LaRouche Takes Battle
To Defeat Synarchism to Mexico
by Dennis SmallU.S. Democratic Presidential candidate Lyndon LaRouche took his campaign to mobilize other sovereign nations to join the United States in burying the disintegrating international monetary and economic system, and rebuilding the world economy, to neighboring Mexico on March 18-20.
"If you want to change the Americas, Mexico is very important, and the enemy knows it. It's a powerful nation, with great potential.... The United States' relationship with Mexico is the test of the existence of the United States," LaRouche stated in a press conference on March 19 in Monterrey.
LaRouche was invited by the Monterrey Technological Institute of Higher Studies, to participate in a seminar on "Surviving the Era of the Empires." LaRouche presented a written document titled "The Future of Forecasting," and also delivered an address on March 20 to over 300 students, on "The New Bretton Woods: How to Survive the Collapse of the Empires."
LaRouche began his visit to the northern Mexican city with an interview with Monterrey's most watched TV anchorman, Architect Héctor Benavides. The next day, LaRouche held a press conference attended by a dozen media, in which he stated that those responsible for the Madrid train bombings of March 11 should be sought among the Synarchist gangs associated with the Spanish fascist Blas Piñar, and his allies in Europe and the Americas. The Monterrey daily Milenio of March 20 reported on LaRouche's remarks prominently, under the headline "A Spaniard Planned the Attacks: LaRouche," with a subhead reading: "King Juan Carlos Was Warned He Should Postpone the Elections, Stated the U.S. Presidential Pre-candidate."
An assassination attempt against the Governor of the Mexican state of Oaxaca, José Murat, which occurred the first day of LaRouche's meetings in Monterrey, heightened people's attention to his warnings against Synarchist terrorism. Murat has been a key leader in the fight to stop the International Monetary Fund's looting of Mexico.
After his press conference, LaRouche met with about 110 youth organized by the LaRouche Youth Movement of Mexico. Nearly half the participants travelled by bus and car from as far away as Mexico City and the northwestern state of Sonora—drives of 12 and 20 hours, respectively—to engage in a lively, three-hour dialogue with the statesman and philosopher.
At the conclusion of the visit, LaRouche's Presidential campaign issued a press release which reported that the candidate had "called for the United States to support the idea of turning Monterrey into a science city, a kind of 'Athens of northern Mexico,' which would serve as a conveyor belt for the development and transmission of the most advanced science and technology into the productive and industrial process.
"That idea is part of an approach to cross-border relations being proposed by the Governor of the state of Nuevo León, of which Monterrey is the capital, and by three other Mexican states which border Texas, for negotiations with the state of Texas on matters of immigration, water and power development, and a common strategy against drug-trafficking and terrorism."

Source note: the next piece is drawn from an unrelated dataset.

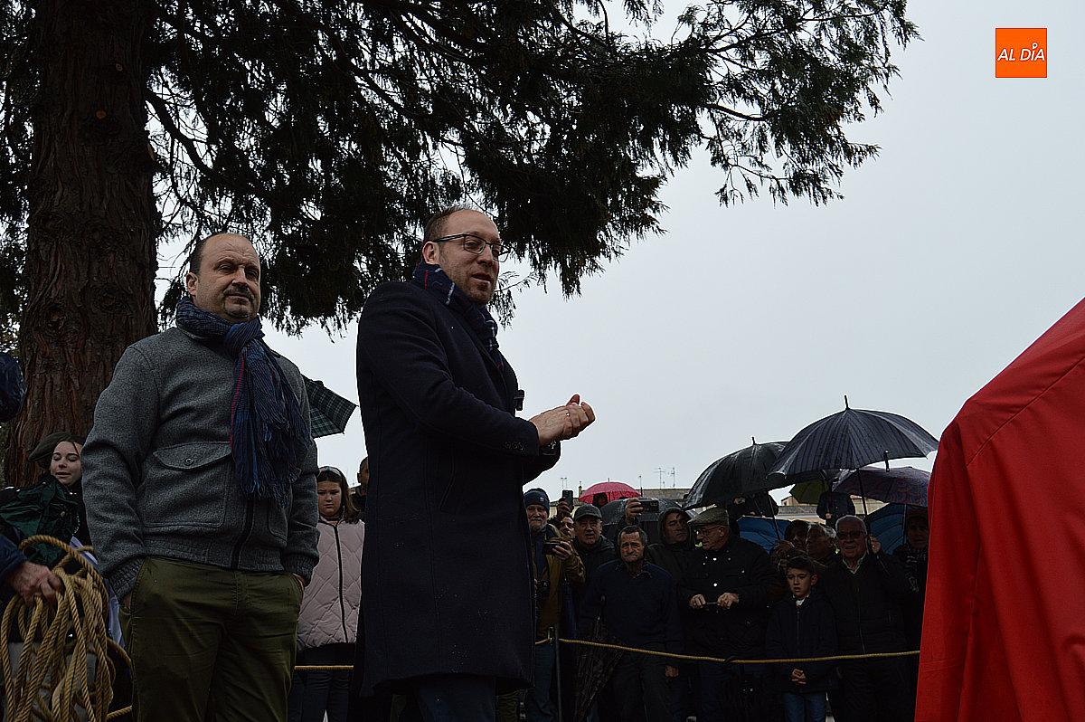Por su parte, el autor, Sergio Alonso Moro, expresó su ilusión al ver a tantas personas congregadas para apoyarlo, algo que no esperaba debido al mal tiempo. Asimismo, se mostró agradecido al Ayuntamiento por haber confiado en él para este proyecto, señalando que supone para él un honor y un orgullo que una obra suya quede expuesta en su propio pueblo.

The press release quoted LaRouche's remarks at the Monterrey Technological Institute seminar:
"Here in Nuevo León there are some university facilities, and an economic problem.... How are we going to rebuild Mexico? How are we going to stop the outflow of the Mexican population into desperate, poverty-stricken conditions, as virtual slave labor, in the United States? How are we going to create an opportunity in Mexico, for the people here? ... A university city like this has the potentiality of doing precisely what physical economy requires: to produce a population, engaged in the experiencing of history, the history of science, which, through its own activities, and through the population associated with it, is able to develop new industries to bring into play new technologies."

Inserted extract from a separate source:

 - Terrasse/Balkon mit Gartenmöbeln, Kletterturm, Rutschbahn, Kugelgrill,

The LaRouche in 2004 release went on:
"The U.S. should have no worry about so-called immigration problems, LaRouche explained, if there is serious cooperation with Mexico, cooperation which begins with policies of economic development between two sovereign nation-states. The objective of such economic cooperation is to create job opportunities for Mexicans inside Mexico, millions of whom are currently being driven out of their own country by the free-trade policies which have wrecked the economies of both countries.
"LaRouche underscored, as exemplary of the approach to be taken, his proposals to develop the Great American Desert area, which stretches from the Southwest of the United States into the northern Mexican region between the two Sierra Madre mountain ranges....
"By creating jobs in Mexico, families will be enabled to stay together. The present approach of the Bush Administration is anti-family, as it forces Mexicans to seek work in the U.S. to survive, thus breaking up families. The undocumented status of many among them also makes them easy prey for drug-trafficking, terrorism, and related interests. LaRouche proposed to 'regularize' the situation of those Mexicans who are presently working in the U.S., converting what is now a police matter into a normal consular affair.
"This approach to U.S.-Mexican relations, LaRouche noted, will furthermore undermine the efforts of the Synarchists and others, who are currently preparing for 'Hispanic' terrorism against the U.S., and simultaneous 'white ethnic' terrorism against Hispanics, as in the case of the notorious Harvard University racist, Samuel Huntington."